What the task asks
If pictures appear in the lines below, skip them and copy exactly the lines from the one containing "Pvt Russell W." through the one containing "Маковский К.Е. Минин", and nothing else.

Dataset excerpts
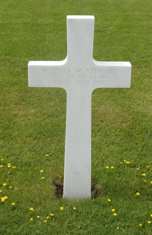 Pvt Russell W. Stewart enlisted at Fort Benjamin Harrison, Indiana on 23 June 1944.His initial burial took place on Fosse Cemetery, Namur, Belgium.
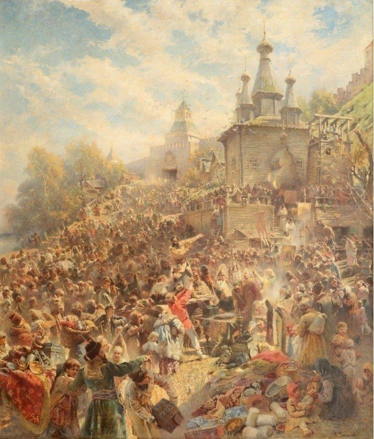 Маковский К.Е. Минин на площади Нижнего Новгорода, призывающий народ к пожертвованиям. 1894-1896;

--

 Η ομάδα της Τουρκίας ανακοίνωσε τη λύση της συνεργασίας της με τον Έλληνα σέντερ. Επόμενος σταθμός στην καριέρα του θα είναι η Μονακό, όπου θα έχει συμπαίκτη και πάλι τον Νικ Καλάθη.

* * *

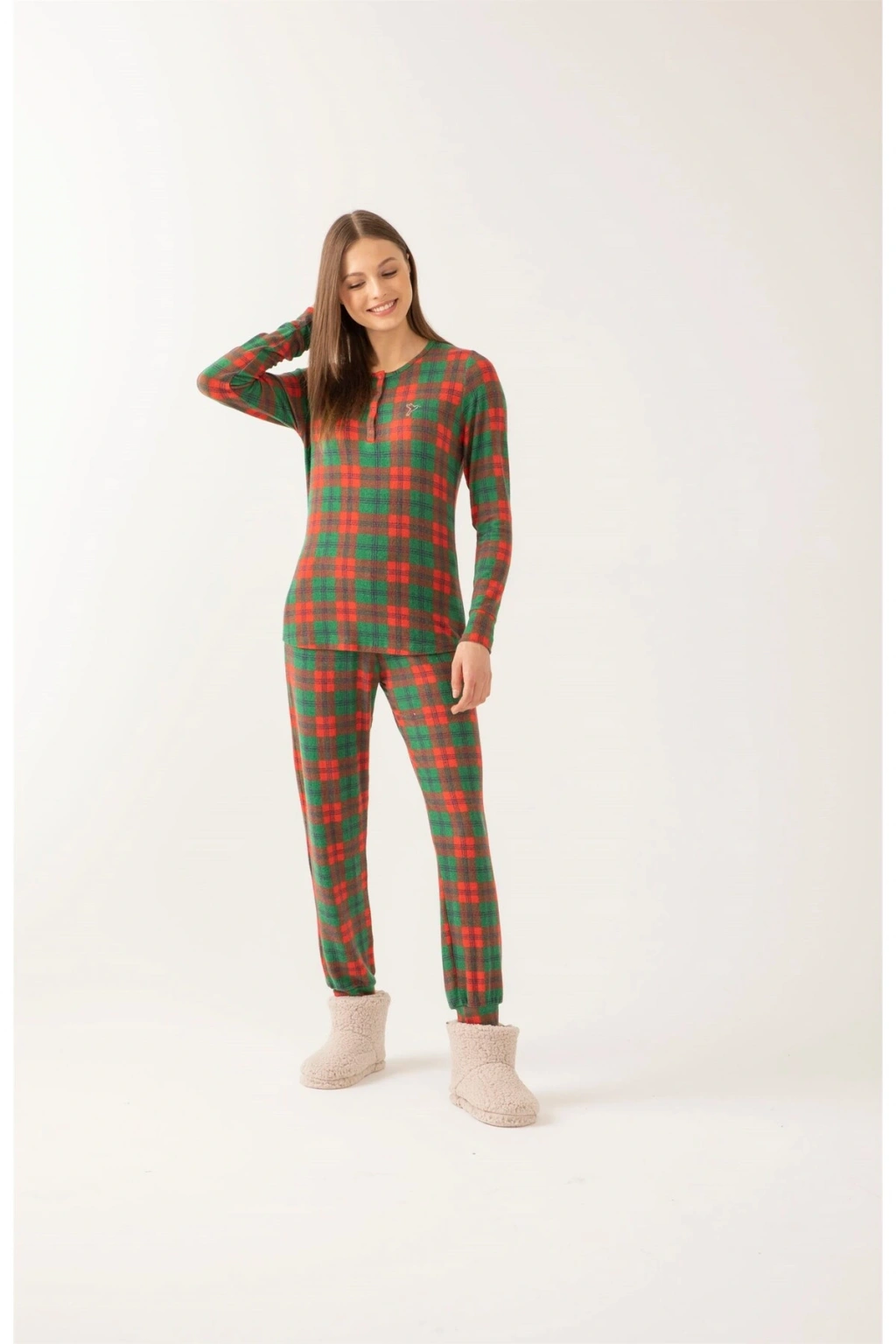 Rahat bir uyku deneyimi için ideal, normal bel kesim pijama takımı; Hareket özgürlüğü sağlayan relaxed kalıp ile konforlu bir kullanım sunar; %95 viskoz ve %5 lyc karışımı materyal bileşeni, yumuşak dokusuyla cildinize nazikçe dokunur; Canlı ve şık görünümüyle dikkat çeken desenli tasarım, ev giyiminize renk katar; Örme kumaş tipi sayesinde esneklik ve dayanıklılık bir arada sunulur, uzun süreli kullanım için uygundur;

Reply to the exercise
 Pvt Russell W. Stewart enlisted at Fort Benjamin Harrison, Indiana on 23 June 1944.His initial burial took place on Fosse Cemetery, Namur, Belgium.
 Маковский К.Е. Минин на площади Нижнего Новгорода, призывающий народ к пожертвованиям. 1894-1896;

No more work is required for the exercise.